Housing fraud and Covid 19


The circumstances arising from the current pandemic have led to many pressing practical issues for social landlords and tenants alike. Much of the focus has been, quite rightly, on matters surrounding homelessness and rent, but in the housing fraud field the particular concerns can be identified in 3 broad topics:

1. Investigations.

2. Service of notices.

3. Court proceedings.

This short post considers the current state of play in these 3 areas, with the obvious caveat that matters are constantly changing, and what a social landlord can still do.


One of the obvious impacts on ongoing and proposed fraud investigations is that staff numbers are inevitably reduced, and tenants and other potential witnesses are similarly unavailable.

Even if health is not an issue the government policy of self isolation means that, for example, caution interviews are unlikely to go ahead and home visits are going to be effected in the same way. They have have generally been suspended, and anecdotally some staff temporarily redeployed.

  • Pre-action (protocol) letters can still be drafted and sent.
  • information can still be obtained from third parties, such as banks and fuel suppliers, in the usual way – see for example The Prevention of Social Housing Fraud (Power to Require Information) (England) Regulations 2014/899.
  • E-mail and telephone/video conferencing can be used in place of direct face to face interview where appropriate.

The much lauded legislative attempt to restrict possession actions in the courts for a period because of Covid 19, the Coronavirus Act 2020 (section 81, Schedule 29), does not change or restrict the services of notice to quit on secure or assured periodic tenants, though there may be questions of proof of service (though personal or even hand-delivery service should not be required given that most tenancy agreements provide for service by post).

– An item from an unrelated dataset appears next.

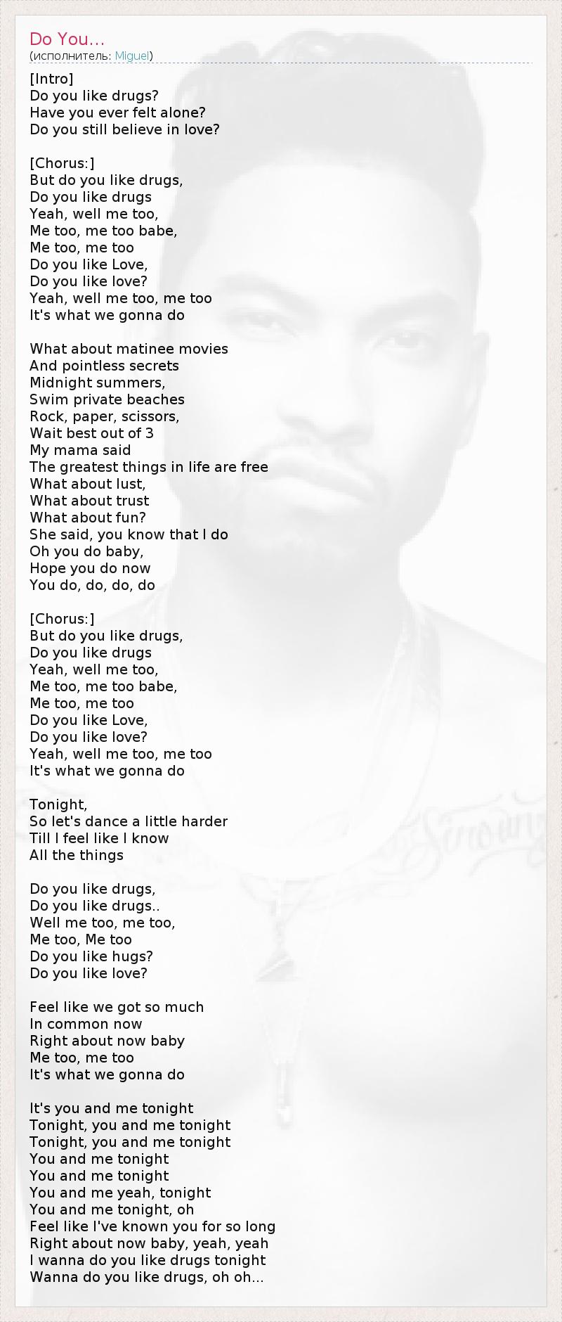 Это интересно:Миге́ль Хонтель Пиментель (Miguel Jontel Pimentel; 23 октября 1986, Лос-Анджелес) — американский певец, автор песен и музыкальный продюсер, выступающий под мононимом Миге́ль.Пиментель родился и вырос в Лос-Анджелесе в смешанном браке мексиканца и афроамериканки, которые развелись, когда мальчику было восемь лет. В раннем возрасте он приобщился к музыке, звучавшей в родительском доме: его мать... продолжение

Schedule 29 does though change the process with regard to notices seeking possession – at least when served during the initial period of 26 March to 30 September 2020 – and requires 3 months notice to be given. This will therefore effect in particular:

  • Ground 5 Sch 2 Housing Act 1985/Ground 17 Sch 2 Housing Act 1988 (false statement) notices seeking possession.
  • Ground 1 Sch 2 Housing Act 1985/Ground 12 Sch 2 Housing Act 1988 (breach of tenancy) notices seeking possession.
  • Introductory tenancy section 128 notices.
  • Flexible tenancy section 107D notices.

The Schedule 29 reforms do not impact upon notices served prior to 26 March 2020 and they therefore remain valid (assuming they otherwise were), and are capable of being relied upon in possession proceedings.

Possession proceedings

There is no restriction at all on the issue of possession proceedings, save for the obvious practical hurdles in the current circumstances (e.g. signing the statement of truth, though see the electronic signature provisions in CPR r. 5.3 and PD5A), albeit all such proceedings are stayed during the 90 day period starting from 27 March 2020 by reason of the new Practice Direction 51Z:

1. This practice direction is made under rule 51.2 of the Civil Procedure Rules (“CPR”). It is intended to assess modifications to the rules and Practice Directions that may be necessary during the Coronavirus pandemic and the need to ensure that the administration of justice, including the enforcement of orders, is carried out so as not to endanger public health. As such it makes provision to stay proceedings for, and to enforce, possession. It ceases to have effect on 30 October 2020.

2. All proceedings for possession brought under CPR Part 55 and all proceedings seeking to enforce an order for possession by a warrant or writ of possession are stayed for a period of 90 days from the date this Direction comes into force.

3. For the avoidance of doubt, claims for injunctive relief are not subject to the stay in paragraph 2.

HMCTS’ daily operational summary of 3 April 2020 provided that injunctions, a remedy often used in shared ownership sub-letting scenarios, are a priority 1 case (work that must be done), though does go on to say in a separate bullet point immediately following “emphasis must be on those with a real time element (such as post-termination employment restrictions), noise or interference with property”. Other noteworthy matters to take from the summary are that enforcement work involving bailiffs/sheriffs is not a priority or even recorded as work that could be done (Priority 2), multi-track trials are priority if the parties agree the trial is urgent and fast-track trials are only priority 2 and, again, even then only if the parties agree the trial is urgent.

In summary therefore:

  • Possession claims can still be issued as before, but they will thereafter be stayed.
  • Notices to quit in sub-letting/parting with possession of the whole and only or principal home cases are not effected by the temporary changes brought in by the Coronavirus Act 2020.
  • Notices seeking possession are, conversely, effected though not if served prior to the aforementioned changes.
  • Injunction claims are still available though in a fraud context are unlikely to be seen as a priority.
Criminal cases

The operational summary says in respect of magistrates’ courts that they are only covering urgent work (not, therefore, including fraud trials such as under the Prevention of Social Housing Fraud Act 2013).

Similarly, Crown Courts are said to be covering only urgent work.


As noted in the Introduction, we are living through uncertain and ever-changing times. It is entirely understandable that social landlords presently have different priorities but insofar as fraud remains relevant work can still continue albeit there are obvious restrictions and will be inevitable delays.